> **TASK ITEM**: Retype the following data exactly, but leave its pictures out.

> **DATASET CONTENT**:
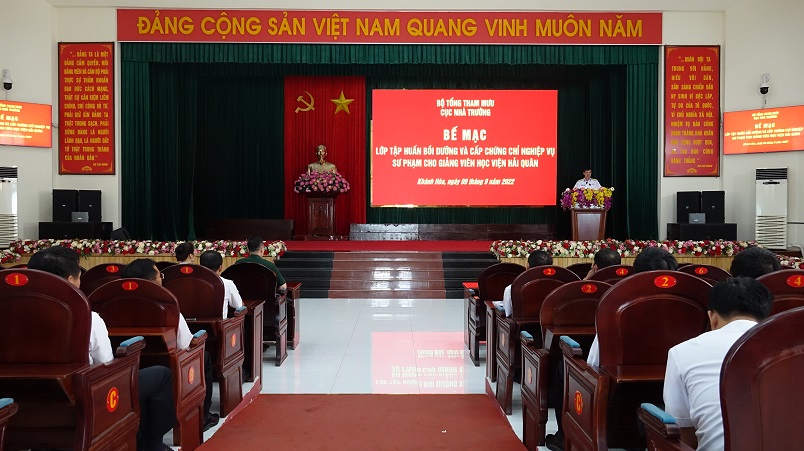 Chiều 9/9, tại Học viện Hải quân (TP. Nha Trang, tỉnh Khánh Hòa) Cục Nhà trường, Bộ Tổng Tham mưu tổ chức bế mạc lớp bồi dưỡng và cấp chứng chỉ nghiệp vụ sư phạm cho giảng viên Học viện Hải quân năm 2022.
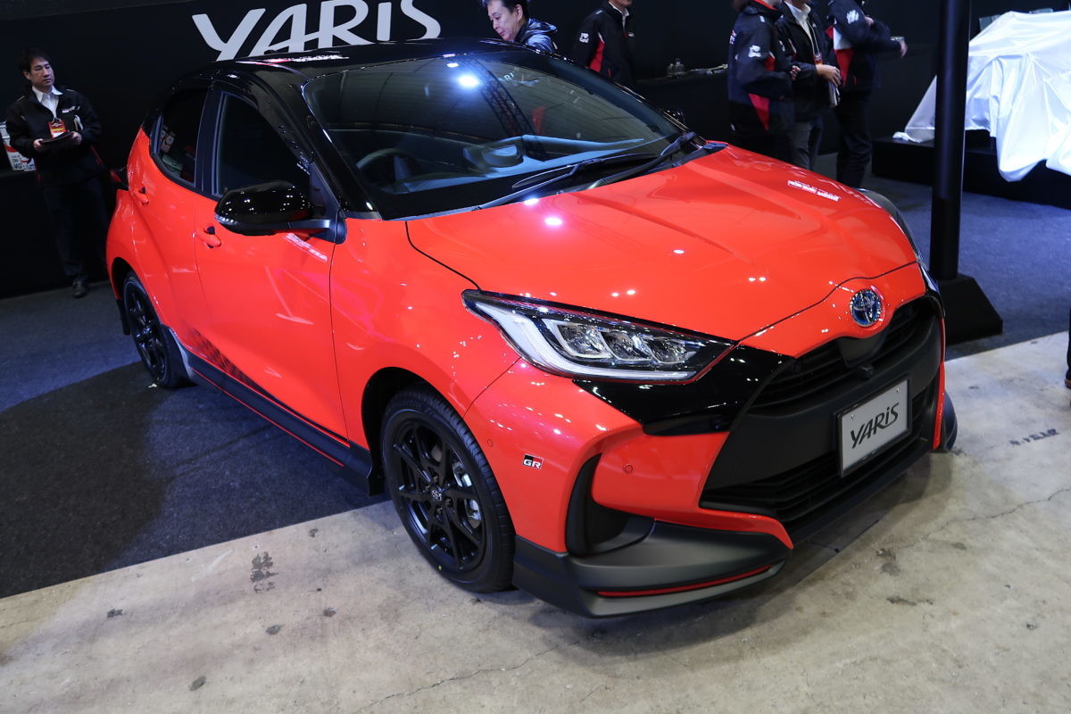 まずは、トヨタGRブースから「GR ヤリス」を紹介。新型ヤリスにGRパーツが組み込まれた赤いヤリスが展示されました。フロントスポイラー、サイドスカート、リヤサイドスポイラーとクォリティの高いGRパーツによってヤリスが精悍に生まれかわる様子が覗えます。
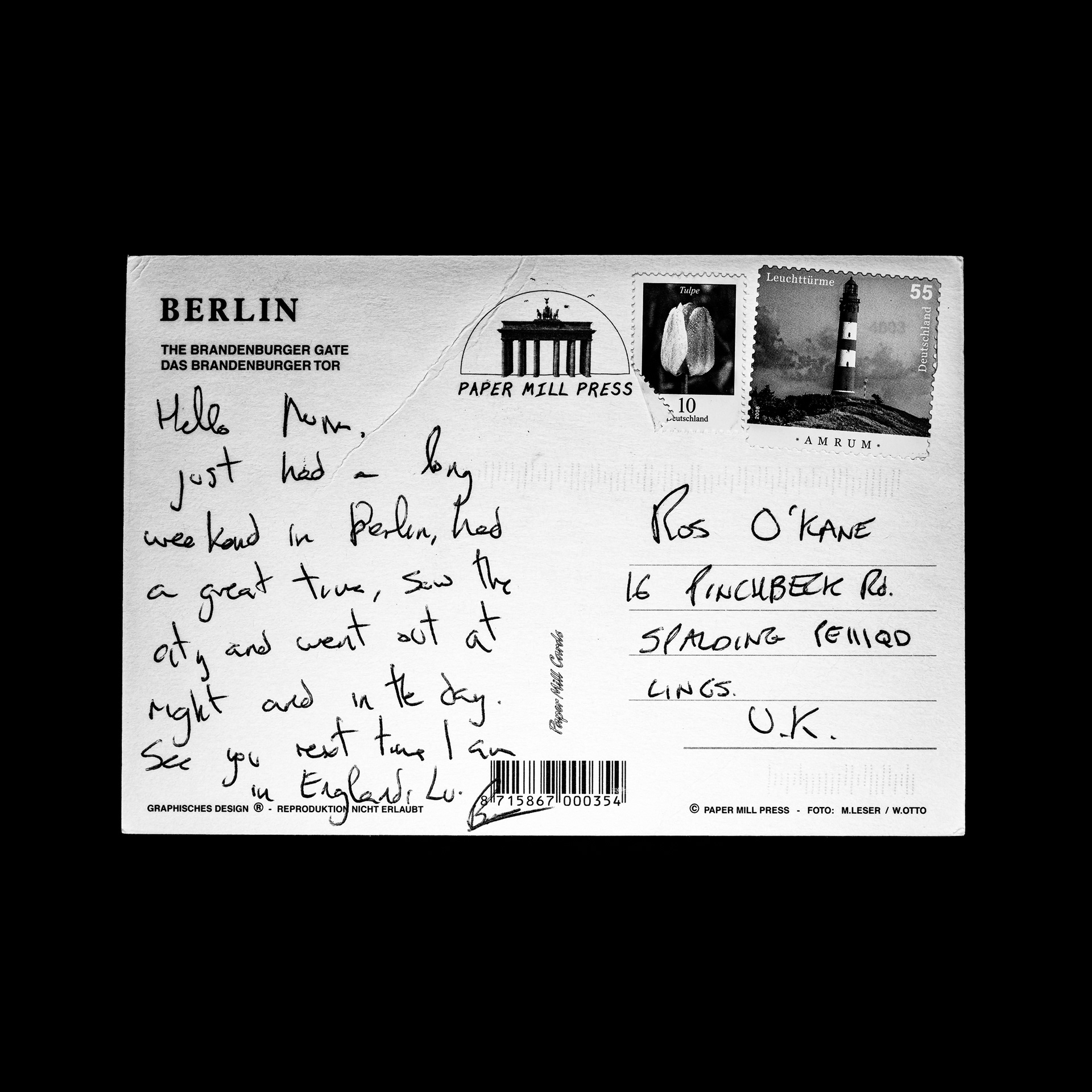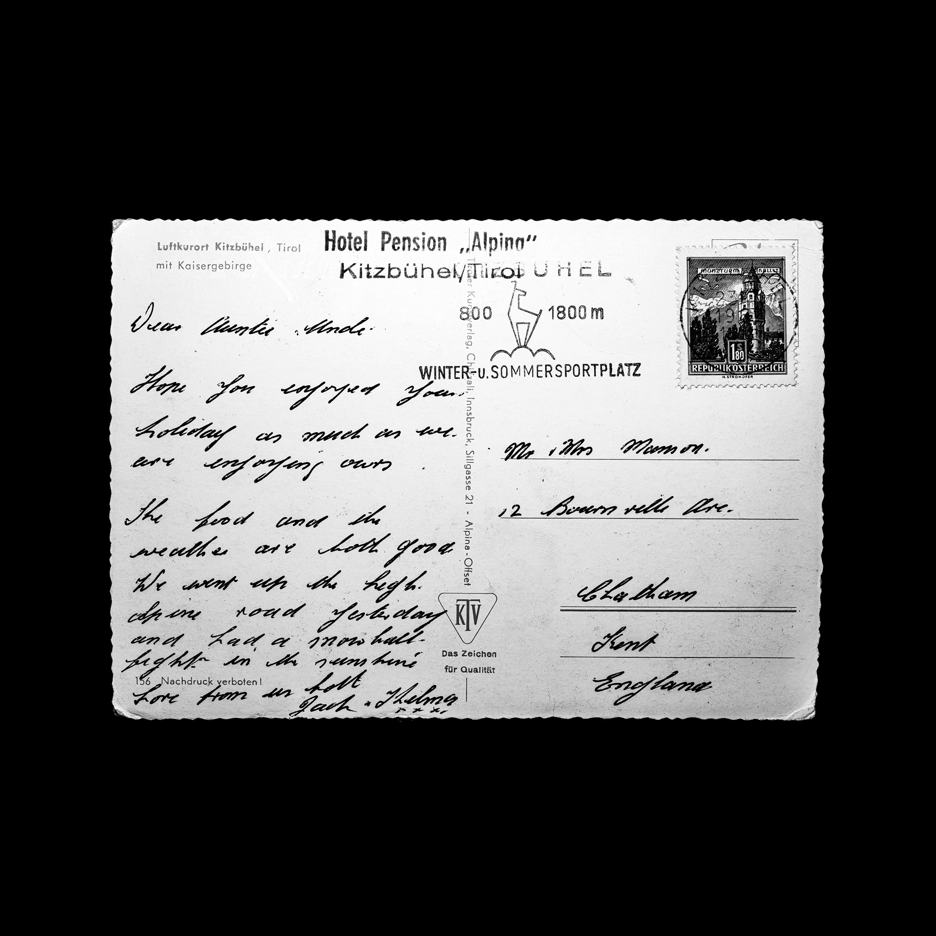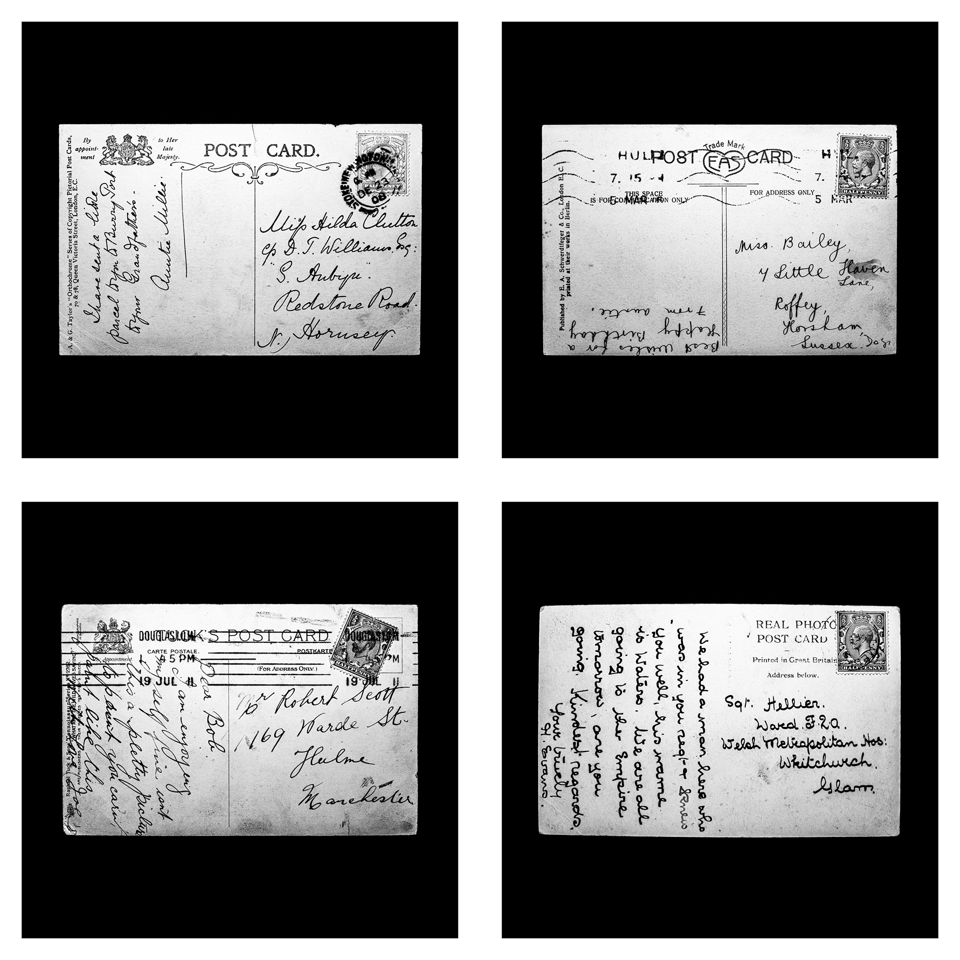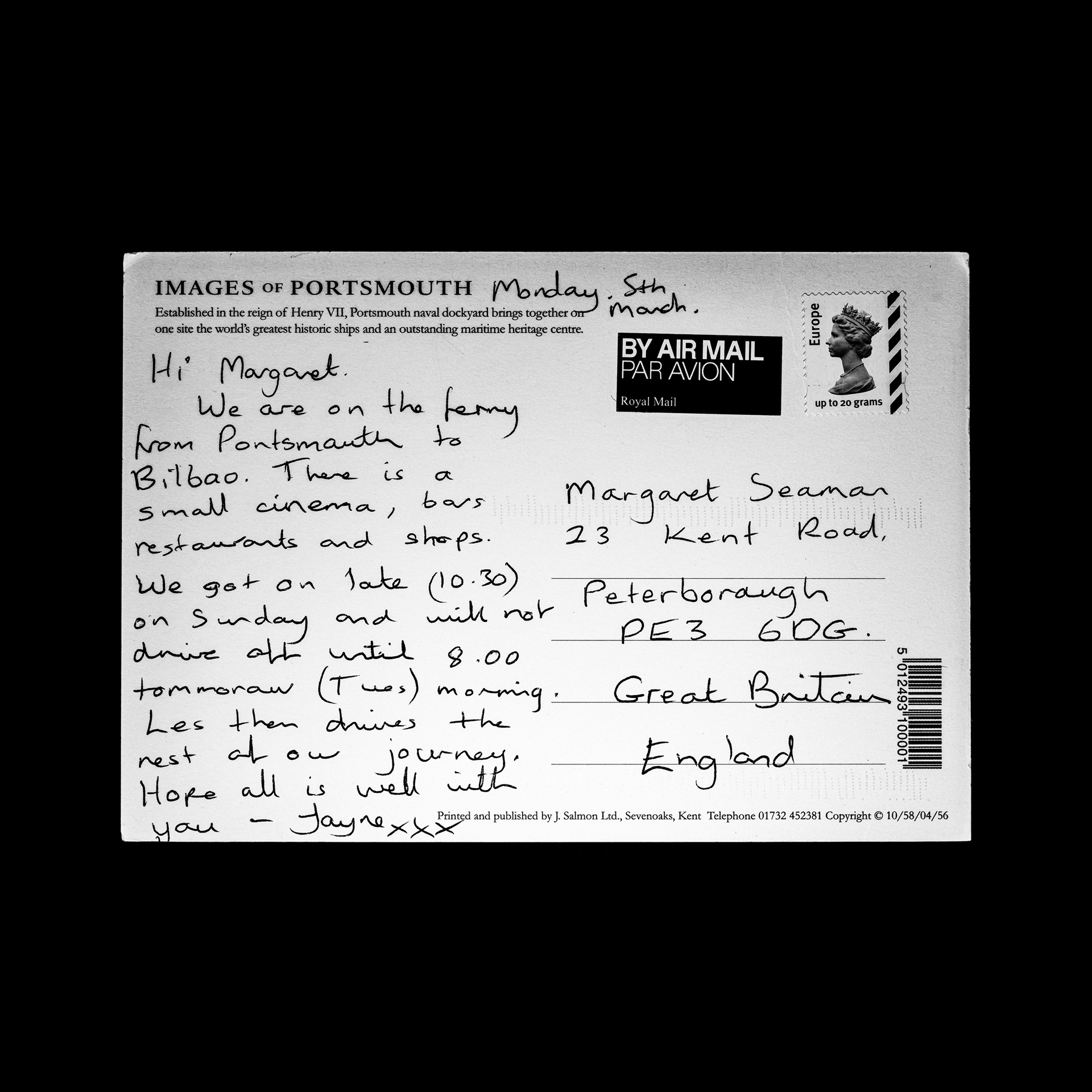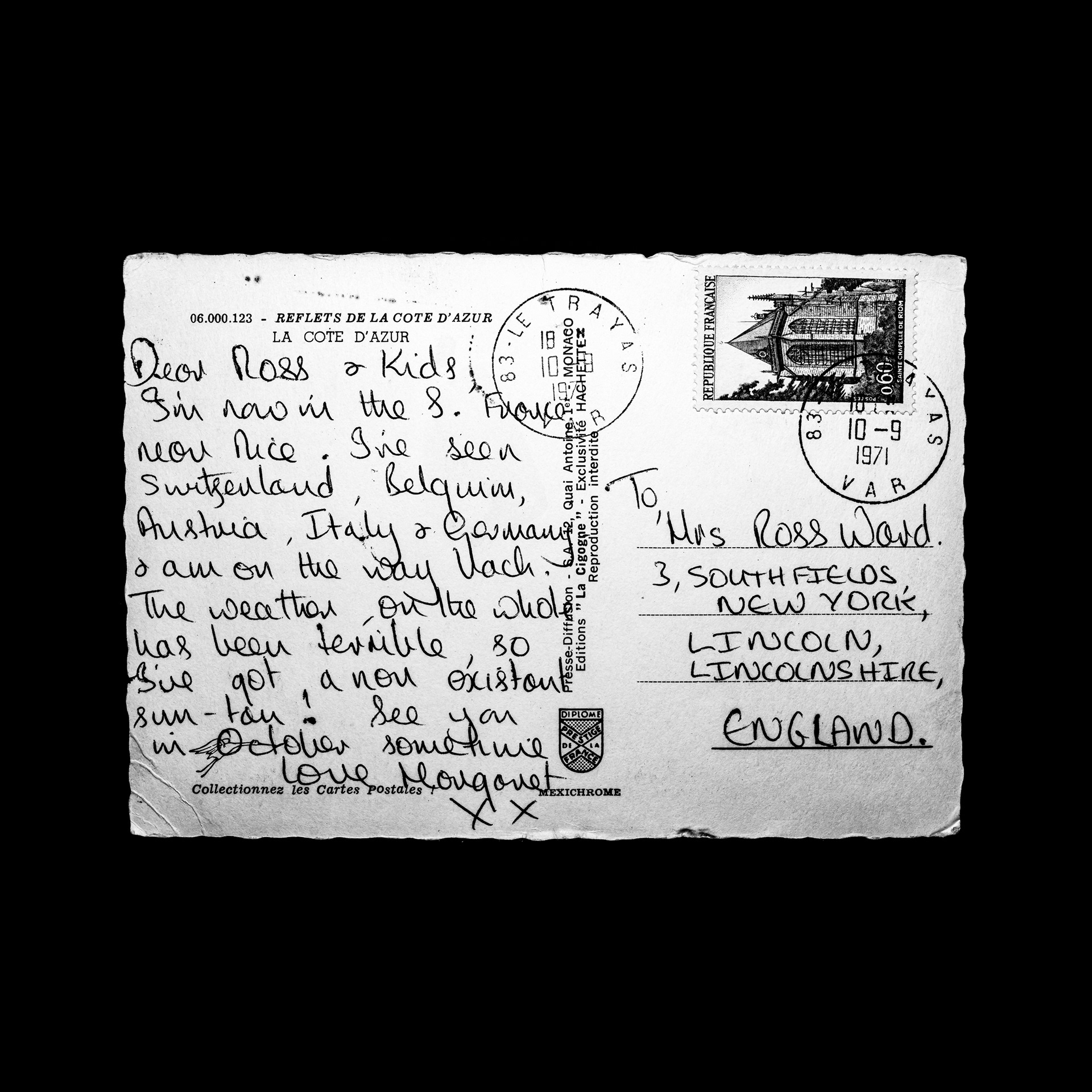The serial nature of the presentation erases the specificity of the sender, turning handwriting and greetings into fossilized traces of an interaction bureaucratized by the postal service. Intimacy is turned into an archive, and the system of communication prevails over the content of the message.

> **OUTPUT FOR THIS EXERCISE**:
 Chiều 9/9, tại Học viện Hải quân (TP. Nha Trang, tỉnh Khánh Hòa) Cục Nhà trường, Bộ Tổng Tham mưu tổ chức bế mạc lớp bồi dưỡng và cấp chứng chỉ nghiệp vụ sư phạm cho giảng viên Học viện Hải quân năm 2022.
 まずは、トヨタGRブースから「GR ヤリス」を紹介。新型ヤリスにGRパーツが組み込まれた赤いヤリスが展示されました。フロントスポイラー、サイドスカート、リヤサイドスポイラーとクォリティの高いGRパーツによってヤリスが精悍に生まれかわる様子が覗えます。
The serial nature of the presentation erases the specificity of the sender, turning handwriting and greetings into fossilized traces of an interaction bureaucratized by the postal service. Intimacy is turned into an archive, and the system of communication prevails over the content of the message.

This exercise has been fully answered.